I’m sorry if I’m saying this too plainly, but I find that this is the concept people have the most trouble with when training their pet. I would much rather over-explain this than have someone misunderstand what I’m trying to say.

In order to do something to make you mad they would have to go through a thought pattern like this:
1. I’m mad at mum for not giving me a treat.
2. I want mum to be unhappy.
3. Mum doesn’t like it when I pee on her bed.
4. I should pee on her bed.

The truth is most animals are not capable of this type of thought train. Their actual thought patterns are more like this:
1. I want attention.
2. Mum always gives me attention when I scratch her chair.
3. I’ll scratch her chair.

And that is only after many, many repetitions.

Notice how in the first thought pattern the cat uses abstract thought. They have to be aware that other being have emotions, and how to spark those emotions. Mum…when do children learn other people have emotions? Around 3-4? Kitties, I’m sorry to say, are not as intelligent as a 3-4 year old human in many ways.

I’m sure you have noticed that throughout these two parts I have used ‘bad’ and ‘naughty’ like this. The reason is because of how I think about inappropriate behaviors. Saying “wrong” or “naughty” implies guilt; implies knowledge that the behavior was wrong. I believe that untrained, or young, animals don’t understand this concept. You can certainly teach your animal that a particular behavior is not allowed, but that doesn’t mean they will see it as ‘wrong’. What they will think is that you don’t like/allow that behavior. So, with consistency, it will go away. But you can’t teach a cat that killing mice is wrong, because to them it’s what comes naturally.

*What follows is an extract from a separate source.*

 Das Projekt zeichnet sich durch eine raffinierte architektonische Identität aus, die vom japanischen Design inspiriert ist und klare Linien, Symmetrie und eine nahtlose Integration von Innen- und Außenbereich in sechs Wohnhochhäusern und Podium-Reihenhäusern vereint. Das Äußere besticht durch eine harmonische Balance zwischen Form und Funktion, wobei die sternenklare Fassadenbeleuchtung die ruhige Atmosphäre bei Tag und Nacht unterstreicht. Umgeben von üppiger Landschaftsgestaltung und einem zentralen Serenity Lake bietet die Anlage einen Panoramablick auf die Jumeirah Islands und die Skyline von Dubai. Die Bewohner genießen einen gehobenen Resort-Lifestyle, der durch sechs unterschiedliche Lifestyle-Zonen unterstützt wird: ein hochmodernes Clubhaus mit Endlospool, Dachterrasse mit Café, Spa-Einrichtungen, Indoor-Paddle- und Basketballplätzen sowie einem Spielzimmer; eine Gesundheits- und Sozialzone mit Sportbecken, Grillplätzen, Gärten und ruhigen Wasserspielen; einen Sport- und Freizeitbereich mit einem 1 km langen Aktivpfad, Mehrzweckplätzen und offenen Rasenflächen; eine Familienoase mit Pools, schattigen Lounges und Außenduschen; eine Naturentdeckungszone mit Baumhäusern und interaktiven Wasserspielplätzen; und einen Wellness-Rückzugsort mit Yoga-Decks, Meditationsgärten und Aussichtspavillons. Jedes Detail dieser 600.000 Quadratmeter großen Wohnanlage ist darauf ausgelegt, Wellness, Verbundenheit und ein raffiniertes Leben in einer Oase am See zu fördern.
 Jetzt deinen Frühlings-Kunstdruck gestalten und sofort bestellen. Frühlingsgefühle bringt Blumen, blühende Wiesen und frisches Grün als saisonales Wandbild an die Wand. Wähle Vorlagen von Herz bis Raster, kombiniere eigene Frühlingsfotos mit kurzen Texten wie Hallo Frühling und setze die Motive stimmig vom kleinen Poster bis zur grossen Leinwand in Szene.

I made a point of using appropriate/inappropriate instead of right/wrong. That’s because most of these behaviors that we don’t like are natural, not wrong. But we can think of them as inappropriate or not allowed in this setting. Kind of like farting in church. Not the best place to do it, but the behavior itself is normal and natural.

So, to sum it all up.

I promise that your pets will never do anything on purpose to make you mad or to get back at you. I do want to stress that just because your cat is not capable of doing spiteful things that this doesn’t mean they can’t love you. I strongly believe they can feel and express love, anger, distrust, confusion, ect. It’s how they use them that is different.

Any opinions on what I should cover next?
  • Feral Cats (and what to do about that nearby colony)
  • Clicker Training (for issues, fun, and prevention)
  • Other suggestion???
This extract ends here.